> **Exercise**: Print out the data below in full and exactly, skipping the pictures.

> **Source material**:
======
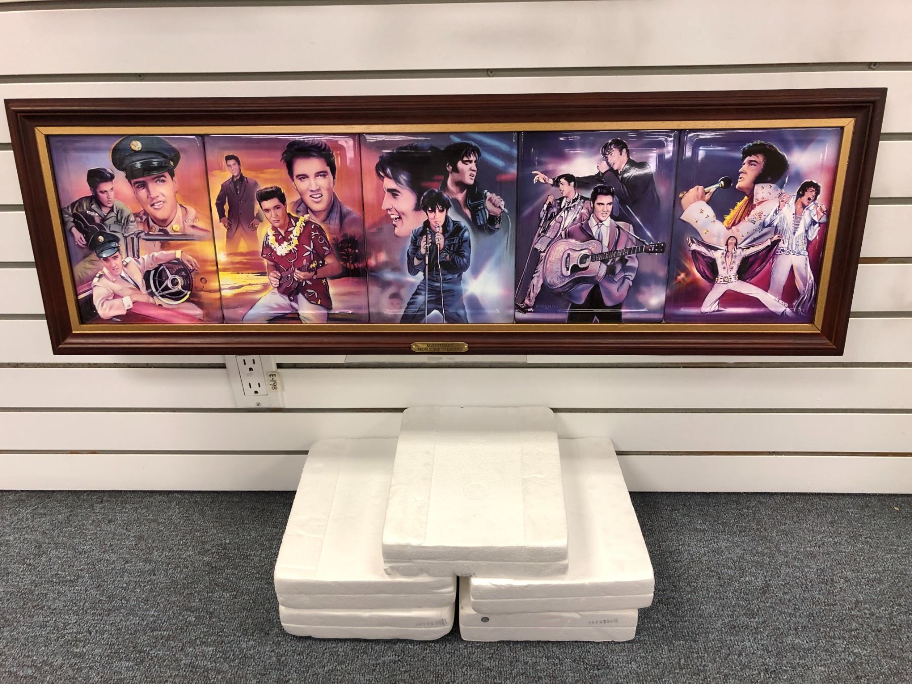 Elvis Presley From Stage to Legend 6 pc. collector's plate set - 5 plates w/ boxes & COA & custom frame (38in x 12in)
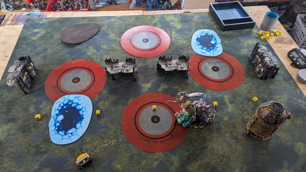 interesting as he is only six and has better things to do than “do something boring” like read the Warhammer 40,000 book. However, before almost every game I pack for he asks if I’m going to be taking his space marines and we’ve had more than one epic battle at home. Last year when we had an epic battle we limited our implements of war to models and terrain on a board. In the past 12 months we’ve started rolling dice and using a tape measure to move models. Admittedly the results of the dice don’t always correspond to the an outcome that a mini gamer would expect and the tape measure is being used in a new in an innovative way that likely has not been seen before in the history of games. I can't wait to get his opinions on standing on circles.
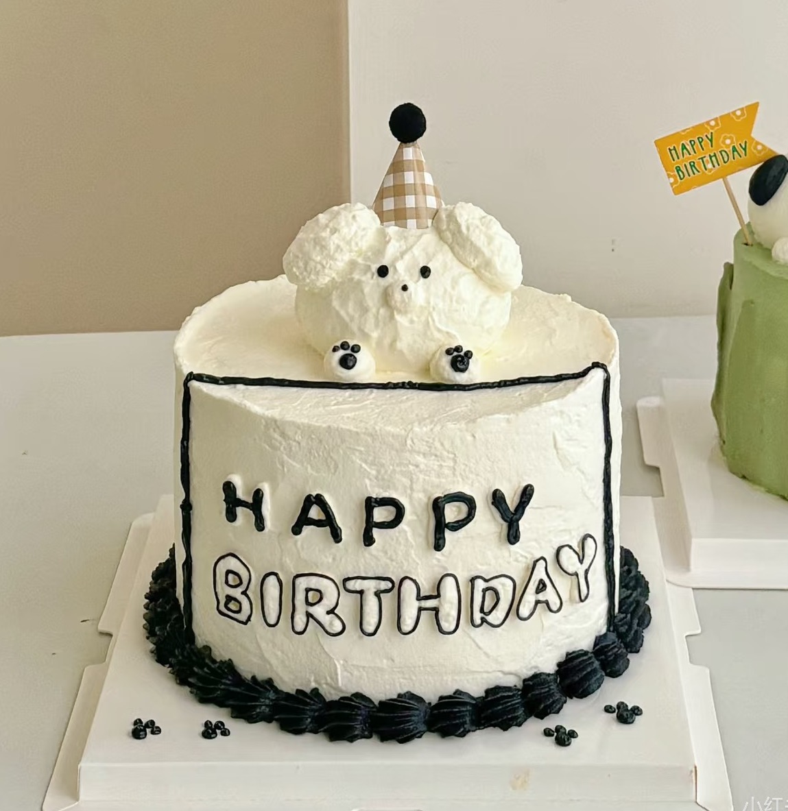【臻品系列】---【黑色线条小狗】送男友、兄弟、男孩生日蛋糕--帽子颜色随机
======
> **Response to this task**:
 Elvis Presley From Stage to Legend 6 pc. collector's plate set - 5 plates w/ boxes & COA & custom frame (38in x 12in)
 interesting as he is only six and has better things to do than “do something boring” like read the Warhammer 40,000 book. However, before almost every game I pack for he asks if I’m going to be taking his space marines and we’ve had more than one epic battle at home. Last year when we had an epic battle we limited our implements of war to models and terrain on a board. In the past 12 months we’ve started rolling dice and using a tape measure to move models. Admittedly the results of the dice don’t always correspond to the an outcome that a mini gamer would expect and the tape measure is being used in a new in an innovative way that likely has not been seen before in the history of games. I can't wait to get his opinions on standing on circles.
【臻品系列】---【黑色线条小狗】送男友、兄弟、男孩生日蛋糕--帽子颜色随机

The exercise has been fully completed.